(EXERCISE INSTRUCTIONS):
The line with "The Supplies page" and each line following it, up to the final line of the data, should be set down exactly; pictures stay out.
(DATASET RECORDS Opens)
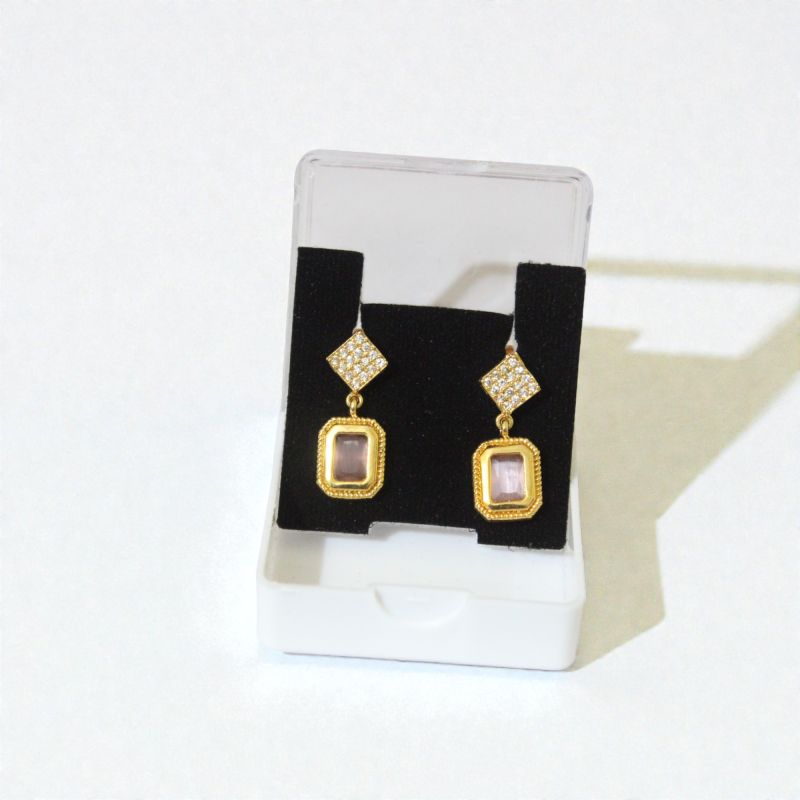 Rose Quartz Emerald Cut Drop Earrings
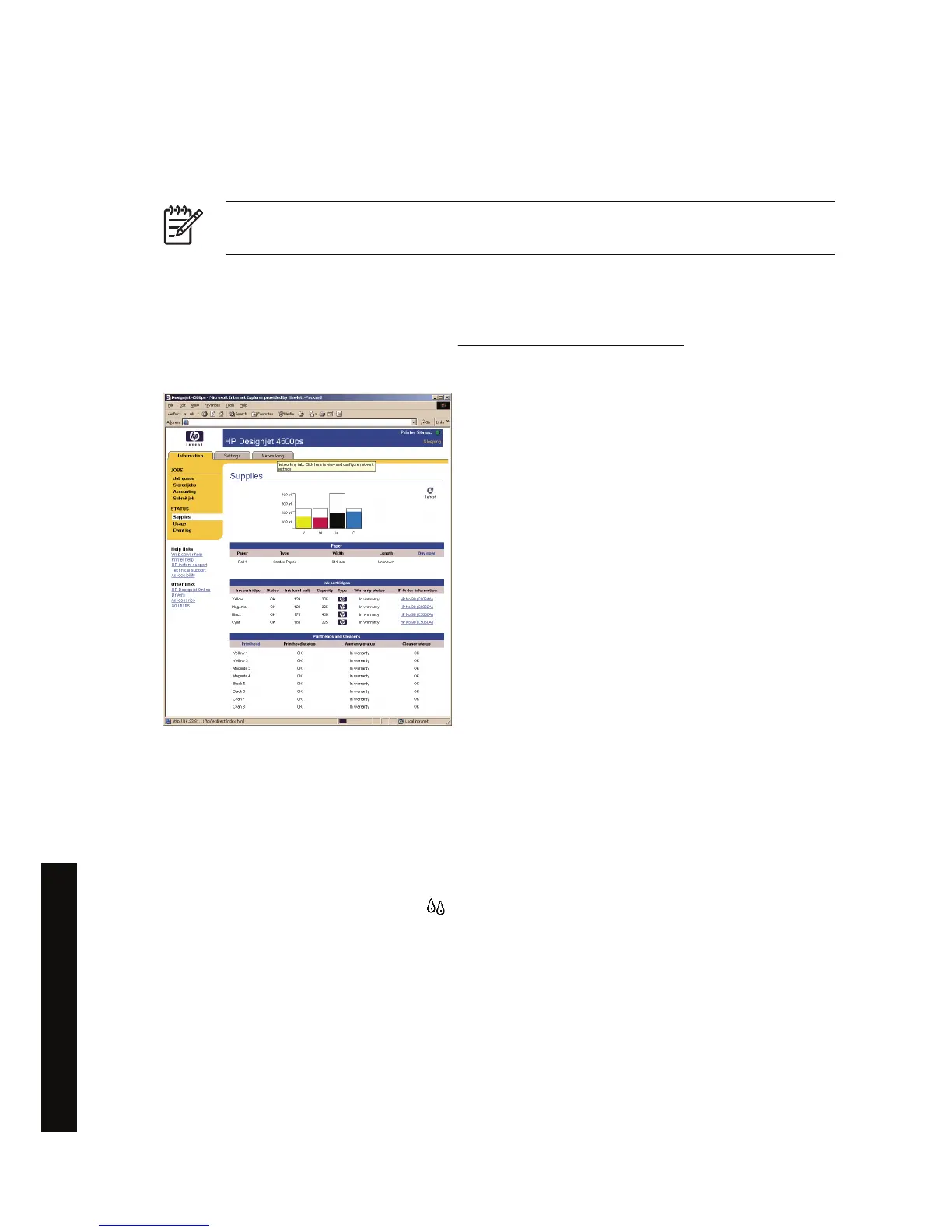 The Supplies page shows you the status of the ink cartridges (including the ink levels), the printheads,
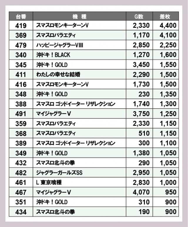 ※差枚数順に掲載しています
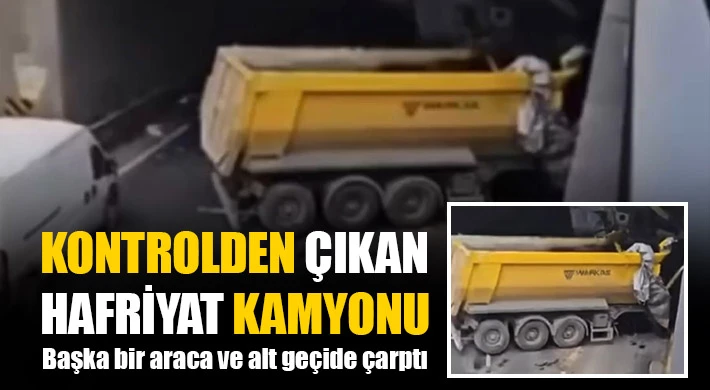 Gaziantep'te kontrolden çıkan hafriyat kamyonu, panelvan tipi araç ve alt geçit duvarına çarparak durdu.
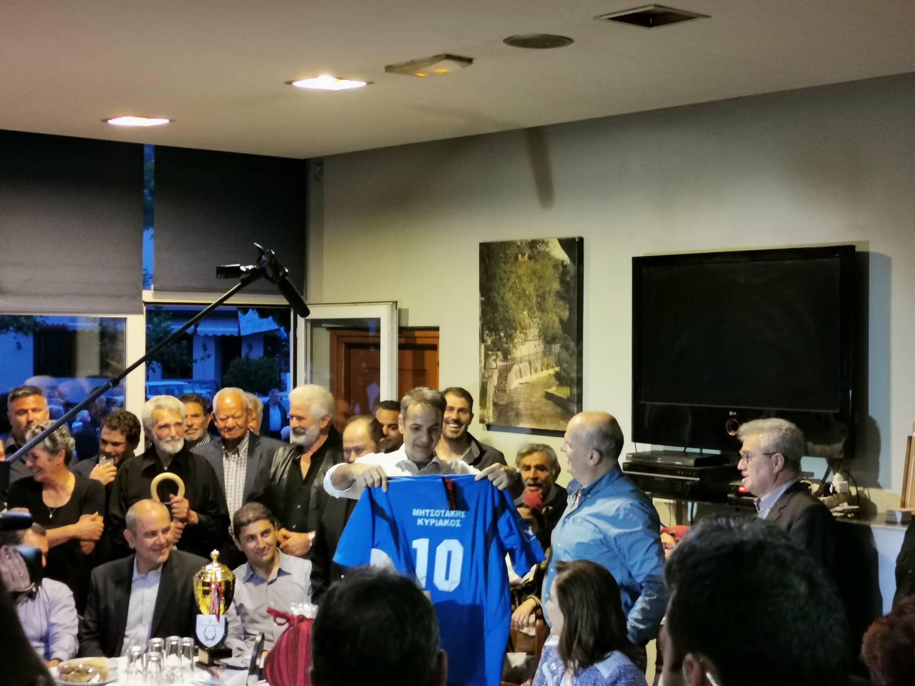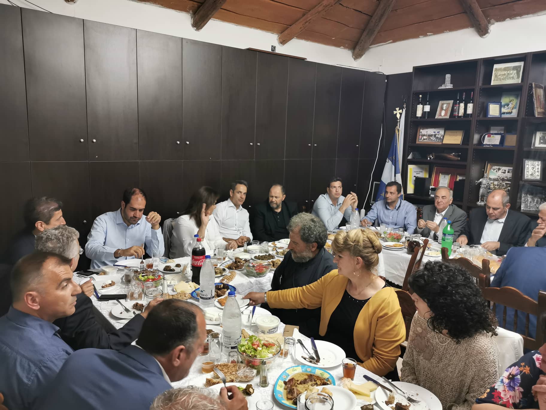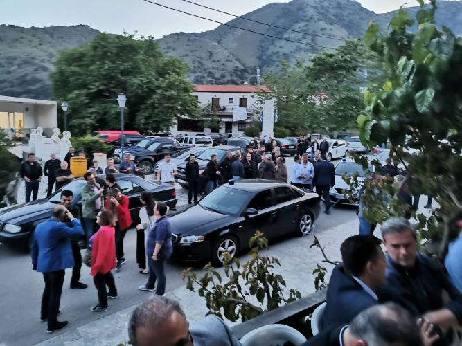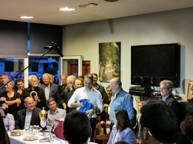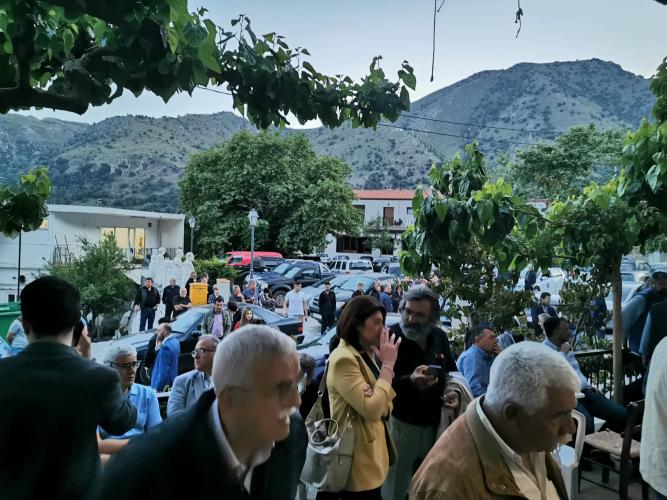 Ο Αρχηγός της Αξιωματικής Αντιπολίτευσης παρακάθεται σε γεύμα που δίδεται προς τιμήν του από τους κατοίκους του χωριού με την συνδρομή του πολιτιστικού συλλόγου ενώ νωρίτερα δέχθηκε δώρα και από την τοπική ποδοσφαιρική ομάδα. Τον καλωσόρισε ως εκπρόσωπος του χωριού ο κ. Γιάννης Γλετζάκης, Πρόεδρος του Α.Σ. Ρεθύμνου.
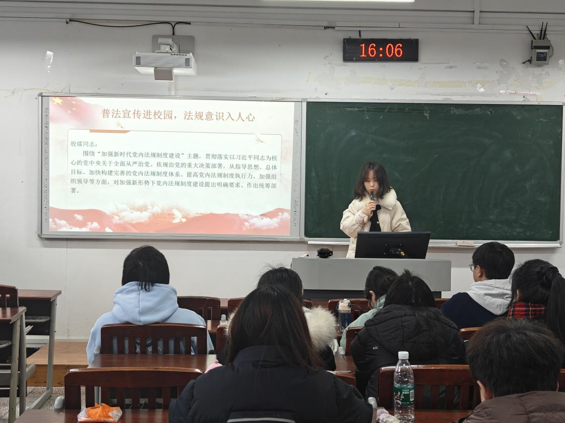 殷镭以“加强新时代党内法规制度建设”为主题,要求员工党员深刻认识到党内法规制度建设的重要性,多主动学习、主动遵守党的各项法规制度,不断提高自身的法治素养和制度执行力。在日常学习和生活中,自觉遵守党的纪律规矩,坚决维护党内法规制度的严肃性和权威性,积极发挥先锋模范作用,带动周围同学形成共同学习遵守党内法规制度的良好习惯,助力营造风清气正的校园氛围。
(DATASET RECORDS Closes)
(RESPONSE TO THIS TASK):
 The Supplies page shows you the status of the ink cartridges (including the ink levels), the printheads,
 ※差枚数順に掲載しています
 Gaziantep'te kontrolden çıkan hafriyat kamyonu, panelvan tipi araç ve alt geçit duvarına çarparak durdu.
 Ο Αρχηγός της Αξιωματικής Αντιπολίτευσης παρακάθεται σε γεύμα που δίδεται προς τιμήν του από τους κατοίκους του χωριού με την συνδρομή του πολιτιστικού συλλόγου ενώ νωρίτερα δέχθηκε δώρα και από την τοπική ποδοσφαιρική ομάδα. Τον καλωσόρισε ως εκπρόσωπος του χωριού ο κ. Γιάννης Γλετζάκης, Πρόεδρος του Α.Σ. Ρεθύμνου.
 殷镭以“加强新时代党内法规制度建设”为主题,要求员工党员深刻认识到党内法规制度建设的重要性,多主动学习、主动遵守党的各项法规制度,不断提高自身的法治素养和制度执行力。在日常学习和生活中,自觉遵守党的纪律规矩,坚决维护党内法规制度的严肃性和权威性,积极发挥先锋模范作用,带动周围同学形成共同学习遵守党内法规制度的良好习惯,助力营造风清气正的校园氛围。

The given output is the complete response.